Green tech and high-end chip-making are unlikely to be a major source of net job creation for the kinds of workers who are ill-served by today’s labour markets. After all, manufacturing employs fewer than one in 10 workers in the US, and the experience of other countries where manufacturing has done much better suggests that reversing de-industrialized employment is extremely difficult. Since the bulk of future jobs will come from services, that’s where we must focus our efforts to create productive jobs for less advantaged workers.

In a study for the Hamilton Project, I describe what an industrial policy for services might look like for the US. My proposal’s local component builds on existing development and business assistance schemes that take the form of collaborative partnerships between development agencies, firms and other stakeholders aiming to create good jobs. The national initiative features an Advanced Research Projects Agency (ARPA) focused on the promotion of a particular type of innovation: employment-friendly technologies.

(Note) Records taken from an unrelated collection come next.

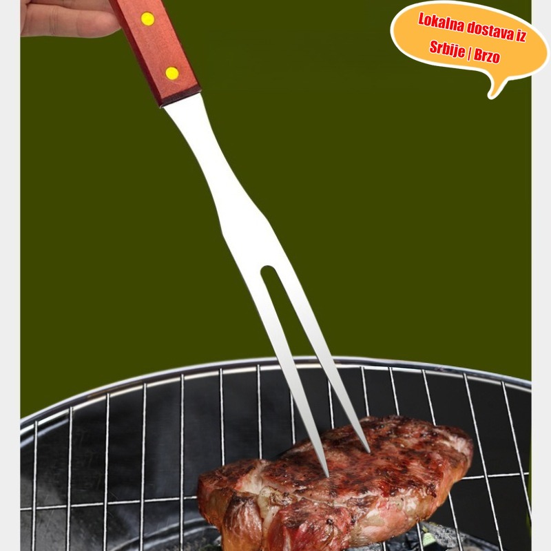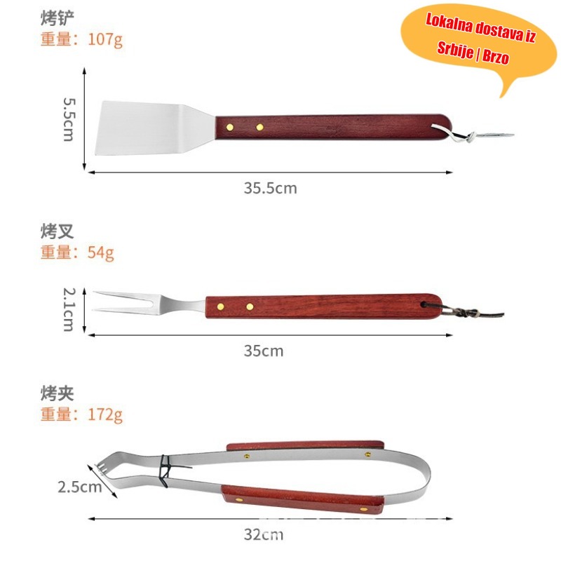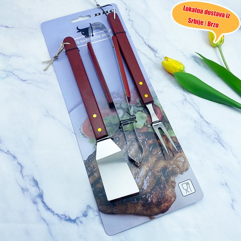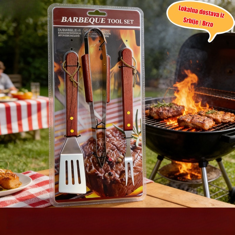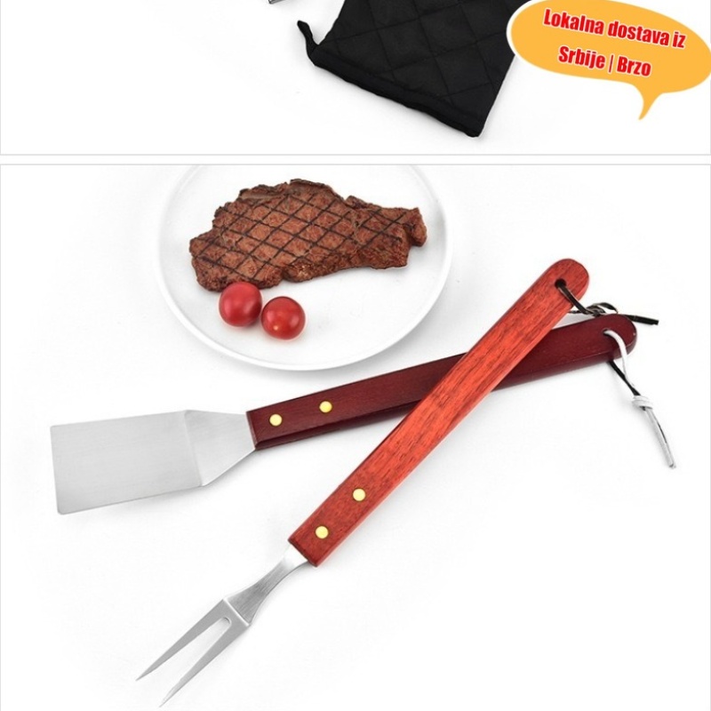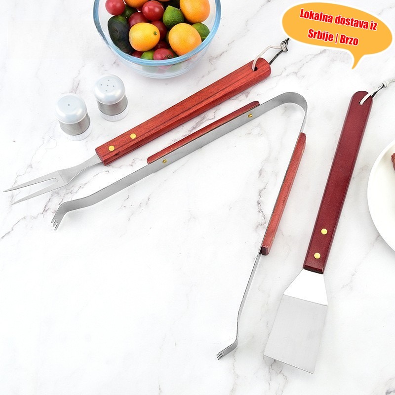 Osnovna oprema za kampovanje za Srbiju! Trodelni set za roštilj od nerđajućeg čelika koji uključuje špatulu, hvataljku i viljušku sve u jednom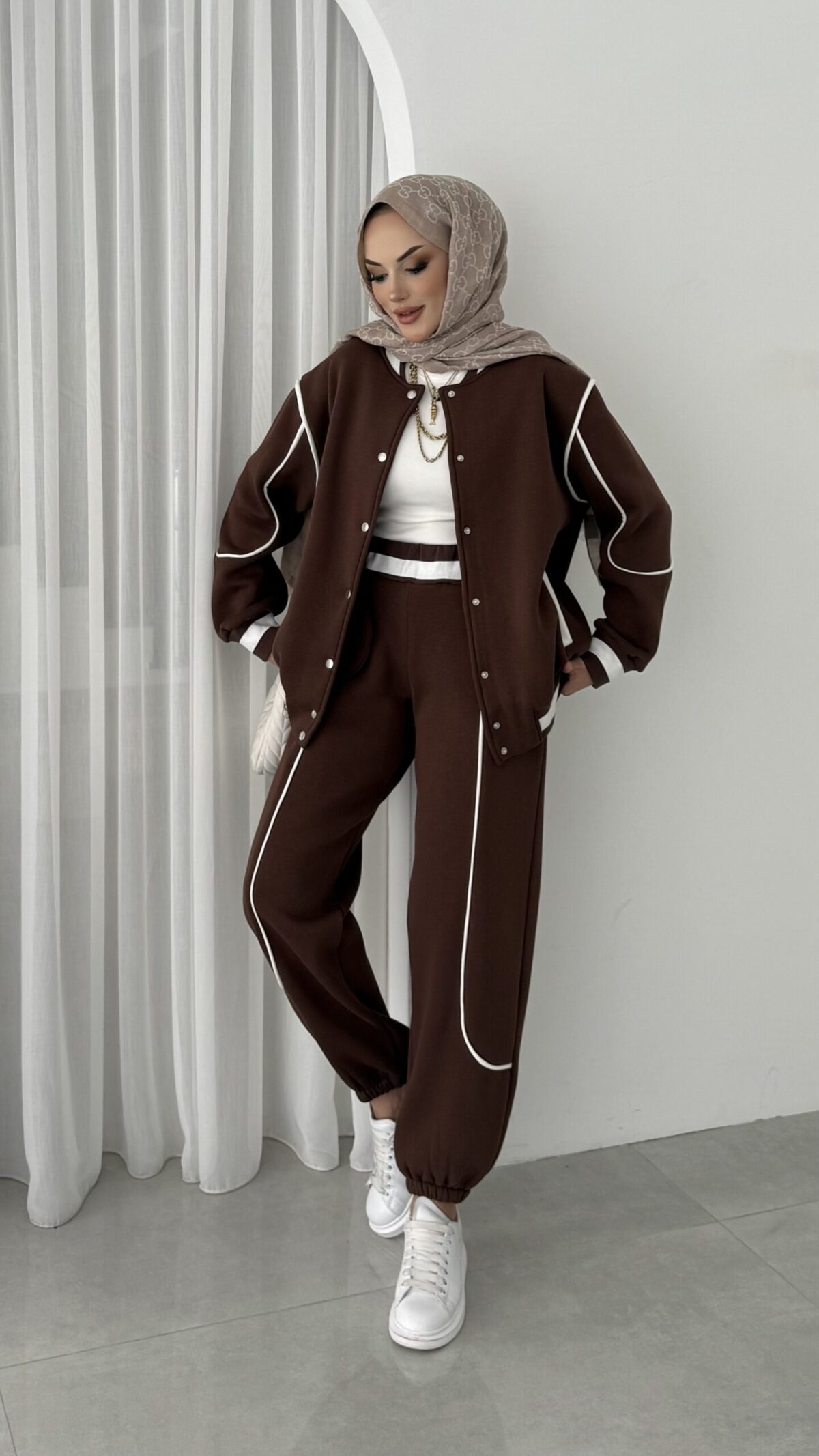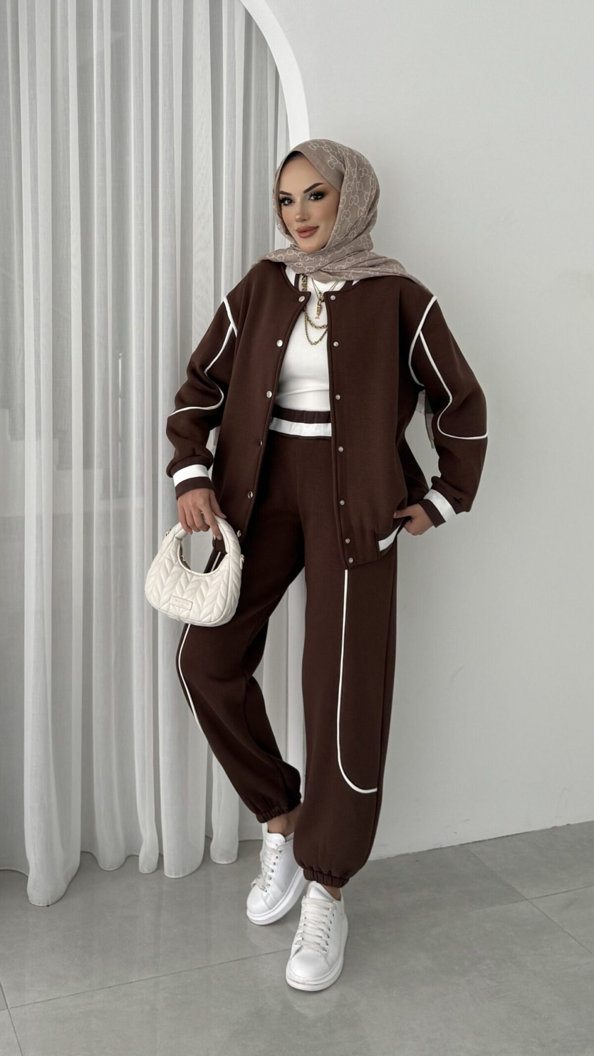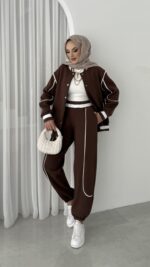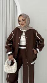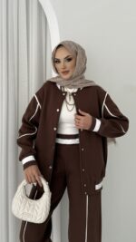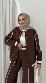 Collej Bomber Şeritli İkili Takım – Kahverengi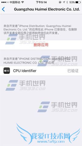 3)描述文件中选择【Guangzhou Huimei Elec...】,再点击【信任】,用完之后点击【删除应用】即可。(如下图)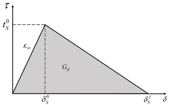 The critical fracture energy input in the numerical model is the value inferred from the currently known parameters. This value is the area of GII in Figure 5. The relationship of Kss, , , and GII is shown in Figure 5. Table 1 shows the values introduced in ABAQUS®.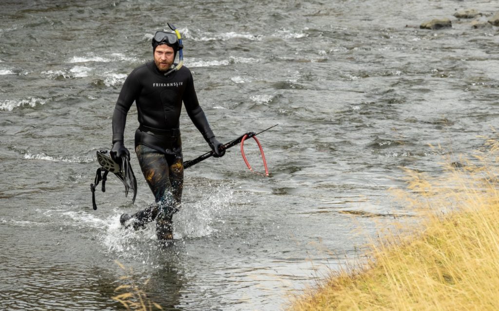 Tvö gengi af köfurum frá Noregi er mætt til landsins til að skoða aðstæður í laxveiðiánum og hafa síðustu daga þrætt ár á Skógarströnd og Fellsströnd til að kanna hvort þar sé eldislaxa að finna. „Það fannst ekki neitt í Fagradalsá,” sagði okkar maður á staðnum.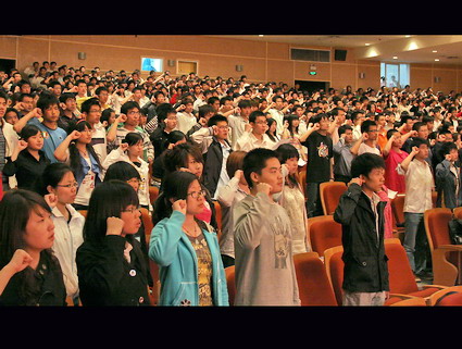 【新闻中心讯】5月4日晚,“青春的誓言”——纪念五四运动90周年宣誓大会在东校区大学生活动中心举行。校团委书记蔡大勇,各学院团委书记以及校团委其他工作人员参加了宣誓大会。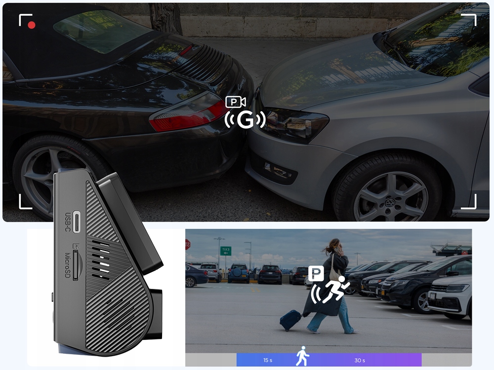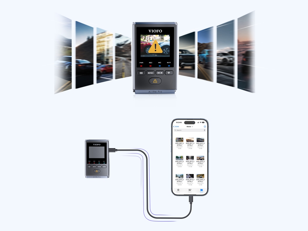 A119M Pro obsługuje płynne nagrywanie w pętli, automatycznie nadpisując najstarsze nagrania najnowszymi. Dzięki wbudowanemu czujnikowi przeciążeń (G-sensor), kamera samochodowa automatycznie zablokuje nagranie w przypadku kolizji lub wypadku, zachowując miejsce zdarzenia do celów śledztwa.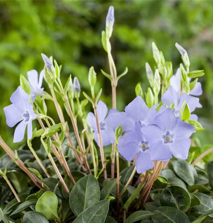 Das Kleinblättrige Immergrün (Vinca minor) ist eine kriechende, teppichartige, immergrüne Staude mit dekorativen, glänzenden, ledrigen, lanzettlichen, dunkelgrünen Blättern. Von Mai bis Juni trägt es blaue, radförmige Blüten. Wiederholte Blüte kommt bei richtiger Pflege im September vor. An einem sonnigen bis schattigen Standort mit durchlässigem, humosem, lockerem Boden erreicht es gewöhnlich eine Höhe von ca. 30 cm und wird ca. 50 cm breit. Das Kleinblättrige Immergrün ist gut frostverträglich.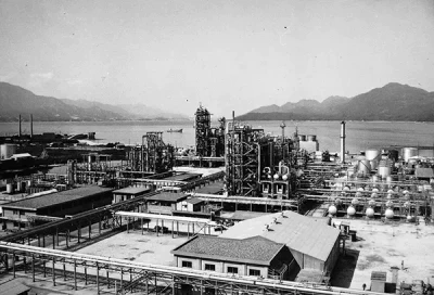 1955年7月に通産省から石油化学工業育成対策が発表され、石油化学工業の台頭に対応して、石油化学コンビナートに参画することとなり、1961年に大日本化成株式会社(現 大竹工場)を創設しました。酢酸、ブタノール、メトキシブタノール、酢酸エステル類の製造をスタートさせ、その後生産品目を拡げていきました。設立当時の社員全員が “ON THE SAME BOAT”(一蓮托生)を合言葉に力を合わせて、工場建設に汗を流した苦労話は、「大竹物語」として語り継がれています。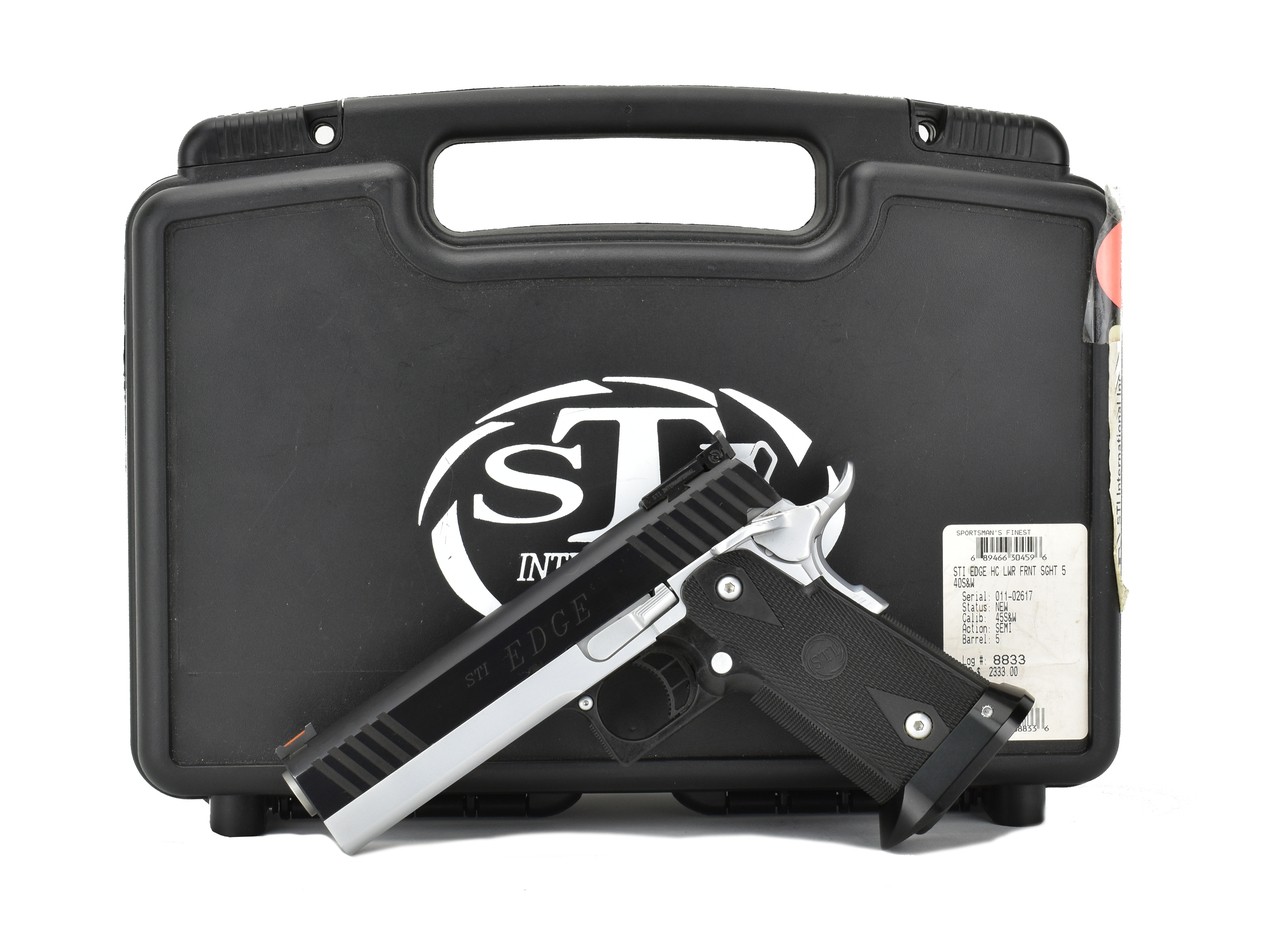 STI 2011 Edge .40 S&W caliber pistol. 5” Double stacked model with blued and chrome finish. Excellent condition with box.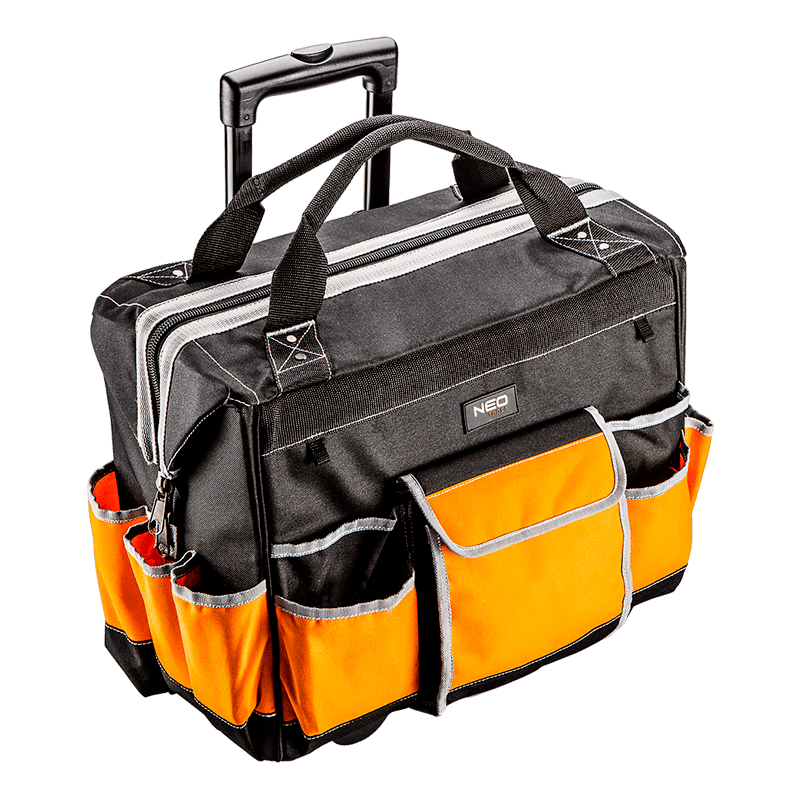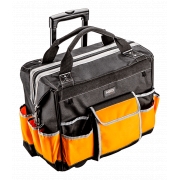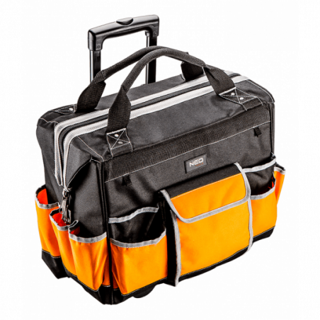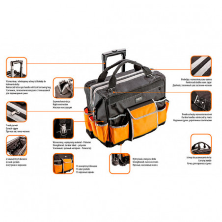 Torba monterska na kołach NEO (nr ref. 84-302) poliester 600D, teleskopowy uchwyt z blokadą, koła, 11 kieszenie zewnętrznych, 6 kieszeni wewnętrznych, sztywna konstrukcja, podwójny szew zamka.

Consider what is perhaps the toughest test case for these ideas: long-term care. This is a sector where jobs will increase rapidly as the US population ages and as demand for assisted-living increases. But because most long-term care work is done in homes (through caregivers) or in weakly regulated assisted-living communities, remuneration and work conditions have been poor. Employees are mostly women, and because their work is typically regarded as low-skill, they are not viewed as real professionals.

How might jobs in long-term care by improved? MIT economist Paul Osterman suggests three overall strategies. First, the government can impose standards (for minimum wages, say). Second, policymakers can increase the Medicaid and Medicare reimbursement rates for care services to help boost wages. And third, direct-care workers’ productivity can be raised, which would make for better service, lower costs and higher pay. While the first two strategies might be useful, productivity enhancements ultimately are the most reliable source of better jobs. For that, Osterman suggests an approach that is analogous to Japanese automakers’ method of deploying new innovations in manufacturing. This entails a combination of investing in workers’ skills, granting them greater discretion and giving them more responsibility for the quality of service.

Care workers who have more autonomy and decision-making authority can use their knowledge of residents and patients to customize their services and provide more flexibility (such as in schedules, food and treatment). This strategy would also permit the introduction of new technologies that complement caregivers’ skills, such as digital tools with which caregivers can collect real-time information and respond faster and more efficiently to residents’ needs.

These changes would require a willingness to experiment with novel work practices and a continuum of efforts, moving from research and development and the introduction of new technologies for long-term care to their local adoption, adaptation and contextualization in specific communities. If long-term care is managed better in such ways, productivity benefits would show up in lower turnover among care workers, reduced hospitalization rates, better management of chronic conditions, and quicker and smoother transitions out of acute-care facilities.

None of this will be easy. Enhancing productivity in services is notoriously difficult and it is often impeded by myriad well-meaning licensing, safety and other regulations.

But if we cannot find ways to increase productivity in the occupations for which most of our workers are destined, we will end up with an even worse-performing, less inclusive economy full of ‘bad jobs’. ©2022/Project Syndicate

Dani Rodrik is a professor of international political economy at Harvard University’s John F. Kennedy School of Government, and the author of ‘Straight Talk on Trade: Ideas for a Sane World Economy’.